By Law, Hospitals Now Must Tell Medicare Patients When Care is ‘Observation’ Only

The new notice drafted by Medicare officials must be provided after the patient has received observation care for 24 hours and no later than 36 hours. Although there’s a space for patients or their representatives to sign it “to show you received and understand this notice,” the instructions for providers say signing is optional.

Some hospitals already notify observation patients, either voluntarily or in more than half a dozen states that require it, including California and New York.

Doctors and hospital representatives still have questions about how to fill out the new observation care form, including why the patient has not been admitted. During a conference call Feb. 28, they repeatedly asked Medicare officials if the reason must be a clinical one specific for each patient or a generic explanation, such as the individual did not meet admission criteria. The officials said it must be a specific clinical reason, according to hospital representatives who were on the call.

Atlanta’s Emory University hospital system added a list of reasons to the form that its doctors can check off, “to minimize confusion and improve clarity,” said Michael Ross, medical director of observation medicine and a professor of emergency medicine at Emory. Emory also set up a special help line for patients and their families who want more information, he said.

The form also explains that observation care is covered under Medicare’s Part B benefit, and patients “generally pay a copayment for each outpatient hospital service” and the amounts can vary. But Ross said “this wording may be antiquated.” Medicare revised some billing codes last year to combine several observation services into one category. That means beneficiaries are responsible for one copayment if the observation stay meets certain criteria.

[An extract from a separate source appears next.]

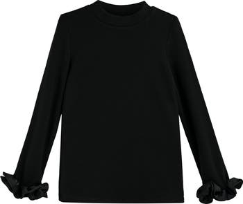 A playful twist on a wardrobe essential, this long-sleeve top features soft scrunchie-style satin cuffs. The clean crew neckline and straight silhouette make it easy to style, while the ruffled sleeves add a touch of whimsy. Heathered cotton blend with classic crew neck. Satin ruffle cuffs for a feminine, standout finish.

The new payment package also includes coverage for some prescription drugs to treat the emergency condition that brought the observation patient to the hospital, said Debby Rogers, the California Hospital Association’s vice president of clinical performance and transformation. Other drugs for that condition will be billed under Part B with separate copayments, she said.

But patients will have to pay out-of-pocket for any medications the hospital provides for preexisting chronic conditions such as high cholesterol, and then seek some reimbursement from their Medicare Part D drug plans for any covered drugs.

Yet, Ross said, most observation visits are less expensive for beneficiaries than a hospital admission if they stay a short time, which the inspector general’s report also concluded. Doctors should “front load” tests and treatment so that the decision to admit or send the patient home can be made quickly. “If you get them out within a day, they are more likely to go back to independent living as opposed to needing nursing home care,” he said.

Last summer, Judy Ehnert’s 88-year-old mother had a bad fall and broke her wrist. Following surgery, and additional complications, hospital officials told the family she would be kept for observation but she would need to go to a nursing home to recover. When the family learned what observation care meant, said Ehnert, a retired bookkeeper who lives in West Fargo, N.D., “that’s when we blew a cork.”

Then, after a few days in observation, Ehnert’s mother contracted an infection and she was admitted to the hospital. “Her care was totally the same, in the same room, with the same doctor, the same nurse.” And Medicare covered her nursing home care.

“That’s what I expected at her age,” Ehnert said. “I always thought that’s what Medicare was for.”